In such cases, it helps to take a look at the raw numbers. Germany, the global export champion, mostly delivers its products to Europe. Only 7 percent go to China. Beijing's problems may indeed be the cause of many sleepless nights for German business leaders, particularly in the auto industry. But there are plenty of others who don't share their concerns. Another reassuring fact is the state of the US economy, which is currently in a position to grow. On top of that, prices for raw materials like oil and copper are low.

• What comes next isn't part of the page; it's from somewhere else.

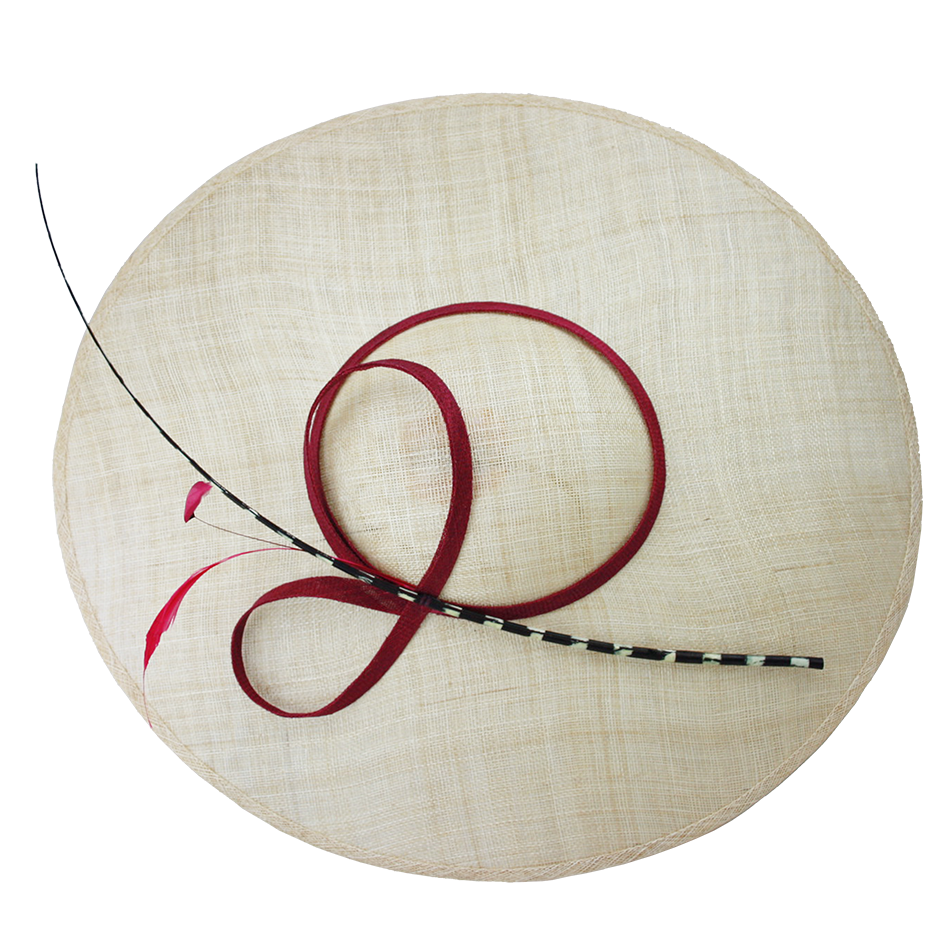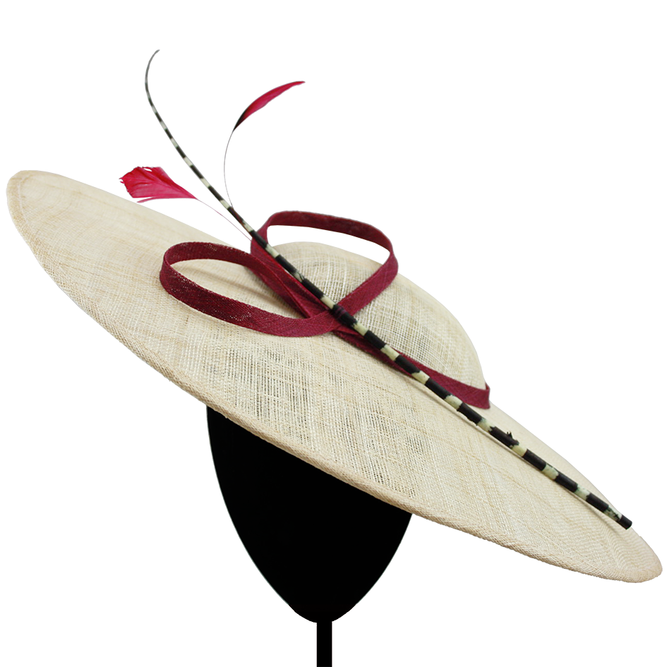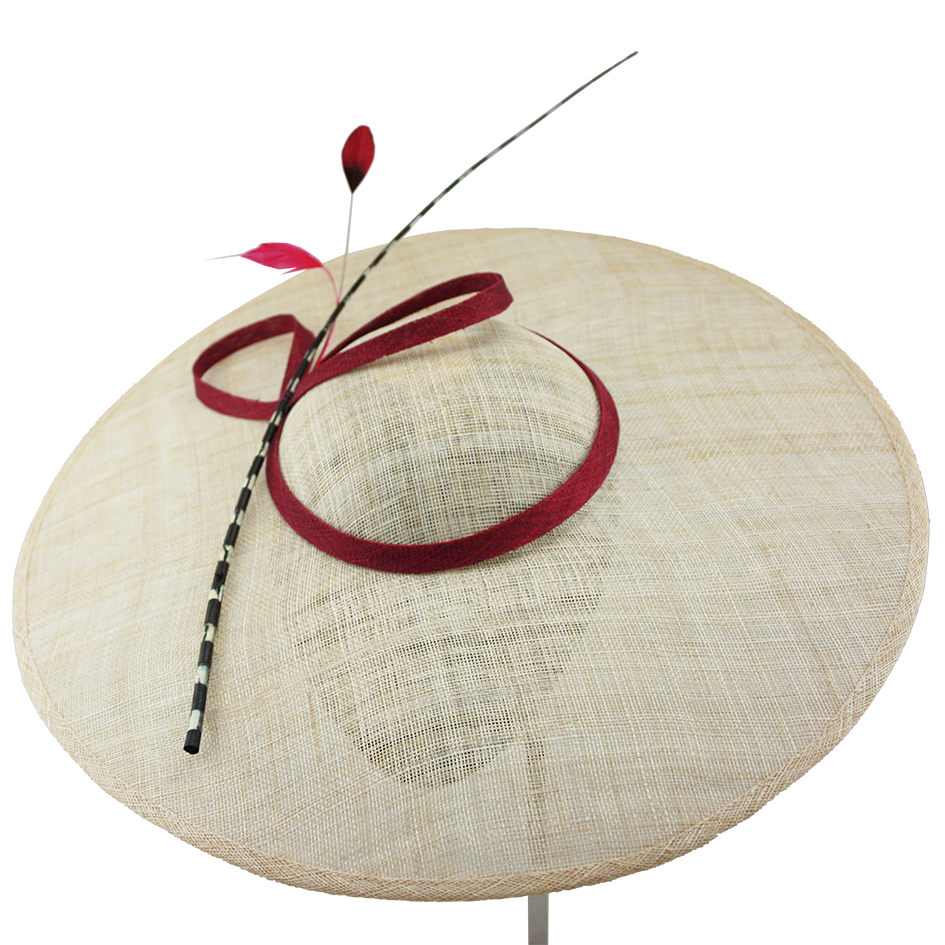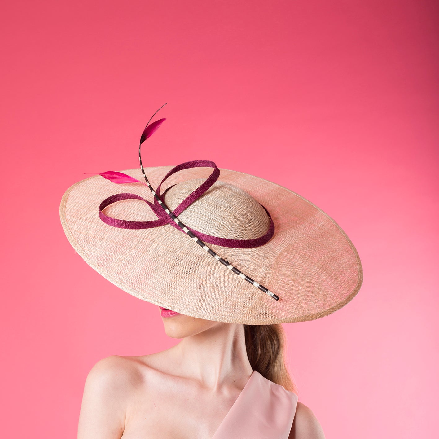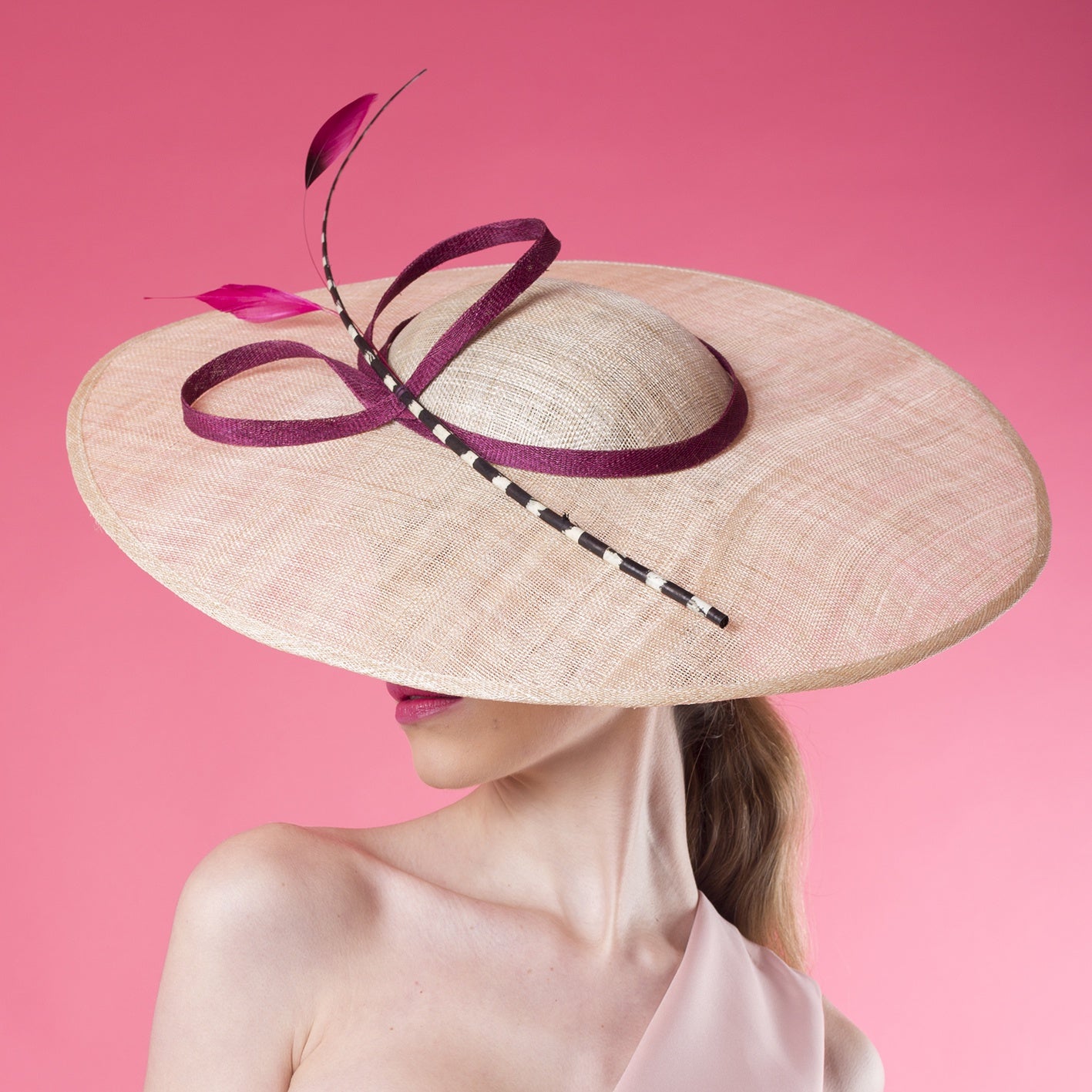 Dulcinea gigante en rafia natural con cinta y lazada de sinamay vino, raqui blanco y negro y 2 antenas fucsias

That may be lamentable for some countries, but for others it's a welcome stimulus.

Much is now in the hands of the head of the US Federal Reserve, Janet Yellen. The mere suggestion of a shift in monetary policy there that would see the Fed raise interest rates is enough to instill great fear in emerging economies, where investors have been withdrawing massive amounts of money because they expect higher rates of return in the US. It's a vicious cycle. But at some point the anti-crisis measures of cheap money and low interest rates have to end. The only problem is that if China's crisis expands and drags the world economy down with it, the West will be out of instruments to counter it. The residual effects of the Lehman crash can still be felt today.